◆ **Directions for this task**
For the data below, retype word for word the lines from the one containing "lb / 0.05 kg" through the one containing "Место крепления к"; drop the pictures.

◆ **Exercise data**
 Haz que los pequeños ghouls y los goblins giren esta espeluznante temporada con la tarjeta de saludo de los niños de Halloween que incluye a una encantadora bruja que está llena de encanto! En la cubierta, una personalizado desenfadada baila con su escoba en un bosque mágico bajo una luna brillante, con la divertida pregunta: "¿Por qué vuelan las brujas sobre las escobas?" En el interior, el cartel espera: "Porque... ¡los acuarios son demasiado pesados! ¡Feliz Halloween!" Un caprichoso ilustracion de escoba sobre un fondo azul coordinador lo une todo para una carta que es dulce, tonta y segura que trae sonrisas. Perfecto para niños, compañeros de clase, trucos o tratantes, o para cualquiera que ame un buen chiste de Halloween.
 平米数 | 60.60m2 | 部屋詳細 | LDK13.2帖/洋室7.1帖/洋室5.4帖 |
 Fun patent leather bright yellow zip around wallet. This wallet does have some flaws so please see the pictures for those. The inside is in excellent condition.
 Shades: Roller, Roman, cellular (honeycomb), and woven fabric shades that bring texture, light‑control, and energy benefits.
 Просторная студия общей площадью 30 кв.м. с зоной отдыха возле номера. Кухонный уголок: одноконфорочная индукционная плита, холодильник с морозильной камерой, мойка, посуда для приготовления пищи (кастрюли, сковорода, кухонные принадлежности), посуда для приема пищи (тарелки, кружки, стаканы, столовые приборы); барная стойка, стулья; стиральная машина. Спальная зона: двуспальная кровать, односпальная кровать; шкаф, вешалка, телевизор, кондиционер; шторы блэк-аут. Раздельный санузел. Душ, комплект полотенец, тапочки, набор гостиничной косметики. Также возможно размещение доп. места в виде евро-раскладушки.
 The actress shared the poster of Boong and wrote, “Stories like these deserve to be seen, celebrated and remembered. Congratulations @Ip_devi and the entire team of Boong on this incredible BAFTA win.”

---

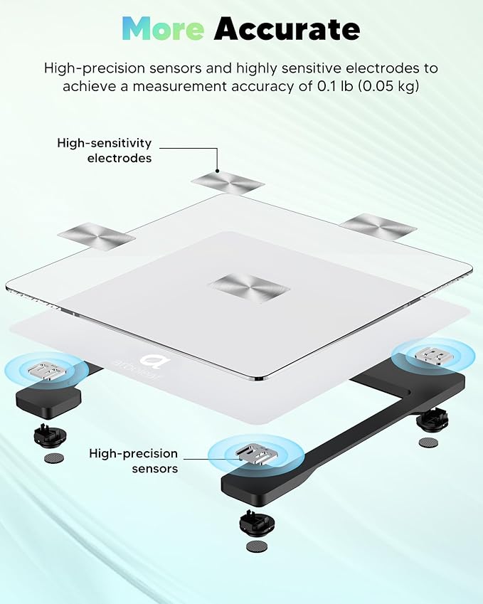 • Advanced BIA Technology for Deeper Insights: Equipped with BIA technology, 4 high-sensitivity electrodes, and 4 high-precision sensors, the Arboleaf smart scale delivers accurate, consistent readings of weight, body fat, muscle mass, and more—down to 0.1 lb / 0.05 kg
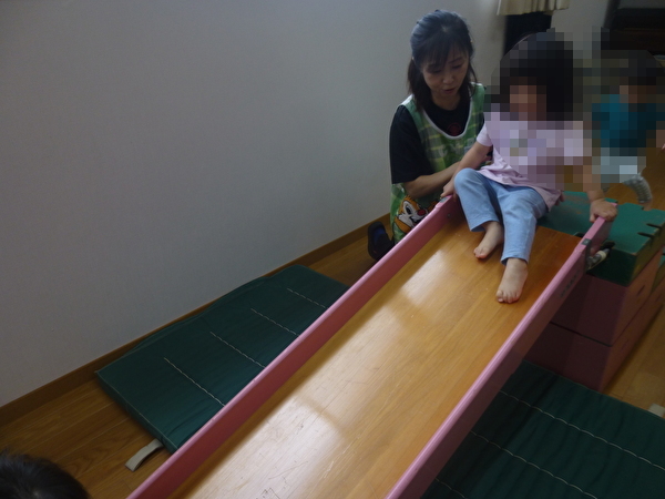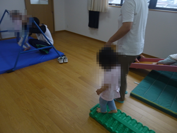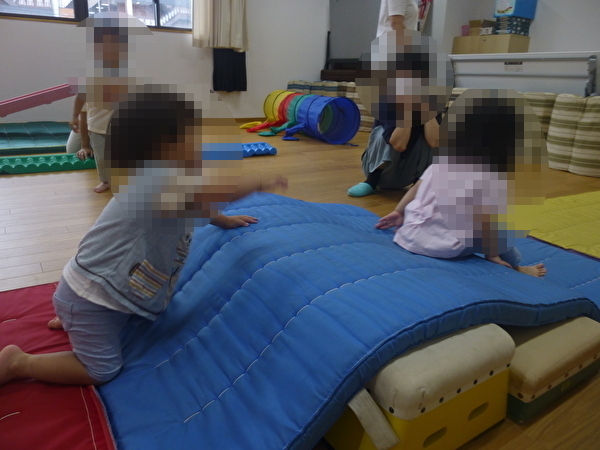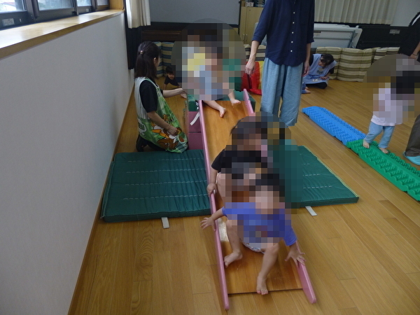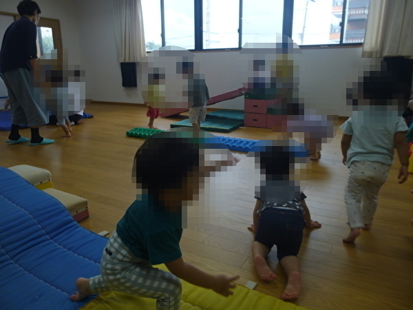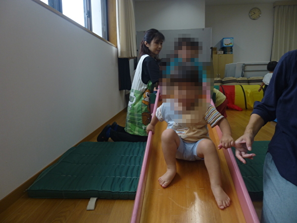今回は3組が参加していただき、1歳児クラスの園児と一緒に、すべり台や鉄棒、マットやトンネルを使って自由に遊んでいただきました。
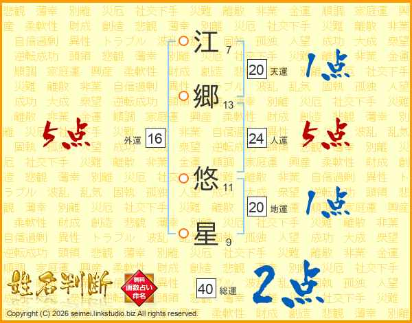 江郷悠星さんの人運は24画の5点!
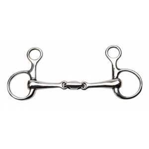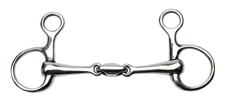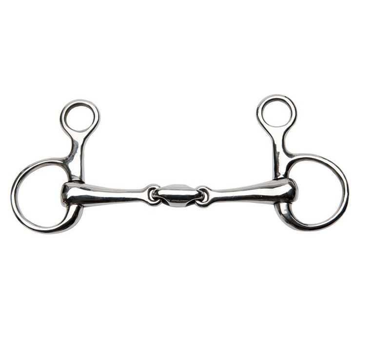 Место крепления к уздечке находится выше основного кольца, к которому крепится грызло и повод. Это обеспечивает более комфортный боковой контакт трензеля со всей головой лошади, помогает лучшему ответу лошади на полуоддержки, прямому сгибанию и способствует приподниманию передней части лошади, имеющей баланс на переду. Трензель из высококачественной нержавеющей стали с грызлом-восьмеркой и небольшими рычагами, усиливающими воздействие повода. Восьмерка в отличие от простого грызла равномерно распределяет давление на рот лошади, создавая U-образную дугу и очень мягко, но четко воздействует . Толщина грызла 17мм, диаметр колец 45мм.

==

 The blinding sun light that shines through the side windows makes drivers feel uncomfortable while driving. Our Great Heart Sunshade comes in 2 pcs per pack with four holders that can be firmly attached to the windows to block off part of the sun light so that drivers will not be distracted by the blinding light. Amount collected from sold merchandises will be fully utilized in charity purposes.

◆ **Answer box**
 • Advanced BIA Technology for Deeper Insights: Equipped with BIA technology, 4 high-sensitivity electrodes, and 4 high-precision sensors, the Arboleaf smart scale delivers accurate, consistent readings of weight, body fat, muscle mass, and more—down to 0.1 lb / 0.05 kg
今回は3組が参加していただき、1歳児クラスの園児と一緒に、すべり台や鉄棒、マットやトンネルを使って自由に遊んでいただきました。
 江郷悠星さんの人運は24画の5点!
 Место крепления к уздечке находится выше основного кольца, к которому крепится грызло и повод. Это обеспечивает более комфортный боковой контакт трензеля со всей головой лошади, помогает лучшему ответу лошади на полуоддержки, прямому сгибанию и способствует приподниманию передней части лошади, имеющей баланс на переду. Трензель из высококачественной нержавеющей стали с грызлом-восьмеркой и небольшими рычагами, усиливающими воздействие повода. Восьмерка в отличие от простого грызла равномерно распределяет давление на рот лошади, создавая U-образную дугу и очень мягко, но четко воздействует . Толщина грызла 17мм, диаметр колец 45мм.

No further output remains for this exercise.